La minería argentina atraviesa una etapa crítica, marcada por una fuerte merma en la actividad de minerales industriales como cal, cemento, piedra y arena, fundamentales para el empleo en el interior del país. Esta caída está vinculada a la paralización de la obra pública estatal, que reduce la demanda y afecta directamente a pequeños y medianos proveedores con maquinaria ociosa. El sector opera a menos de la mitad de su capacidad, según alertaron representantes gremiales durante un congreso regional.

El régimen de incentivo a las grandes inversiones (RIGI), orientado especialmente a proyectos mineros de gran capital, es otro foco de preocupación. Aunque inicialmente diseñado para atraer inversión extranjera, el RIGI ha sido cuestionado por generar beneficios fiscales comparativamente desproporcionados y permitir la repatriación rápida de ganancias. Esta situación aumenta las dudas sobre si Argentina apuesta a una minería exportadora sin valor agregado ni aportes significativos a las economías locales.
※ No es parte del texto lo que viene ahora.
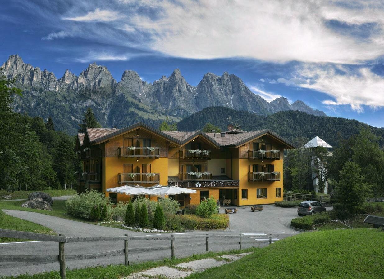 Auf den smaragdgrünen Wiesen am Fuße der Dolomiten gelegen, zwischen den Pale di San Martino und dem Naturpark Belluno Dolomiten, ist das Chalet Giasenei die Zuflucht, wo jeder Urlaub ein Erlebnis ist, das mit einer Wiedergeburt endet. Ein verzauberter Ort, die Küche mit typischen Vorschlägen und Produkten der Umgebung und eine persönliche Entspannung von den Details, die die Struktur ihren Gästen bietet. Hier wird das Bad in dem phyto-gereinigten Biolago gemacht und alles ist in Harmonie mit dem Territorium gestaltet. Die Losungen regenerieren sich, laden auf und finden sich wieder. In der Intimität der Zimmer im alpenländischen Stil, die mit allem Komfort ausgestattet sind, mit Parkettböden, organischen Toilettenartikeln und vom Kunden gewählten Kissen. Für eine exklusive Wellness gibt es ein eigenes Spa mit Sauna, Whirlpool und Heubad.

Además, recientes cambios en la Ley de Glaciares que transfieren la regulación de áreas sensibles a las provincias provocaron inquietud en el sector. La posibilidad de negociaciones provinciales para liberar territorios estratégicos de permafrost, fuente de agua dulce, pone en riesgo el equilibrio ambiental y el recurso hídrico, elemento clave para la actividad minera y comunidades cercanas.

Este escenario de incertidumbre y restricciones pone en evidencia tensiones entre el desarrollo económico, la gestión ambiental y la protección del empleo en las regiones mineras. La minería metalífera y el litio, pilares para la internacionalización del sector, deben afrontar el desafío de operar bajo reglas que equilibran incentivos y control social.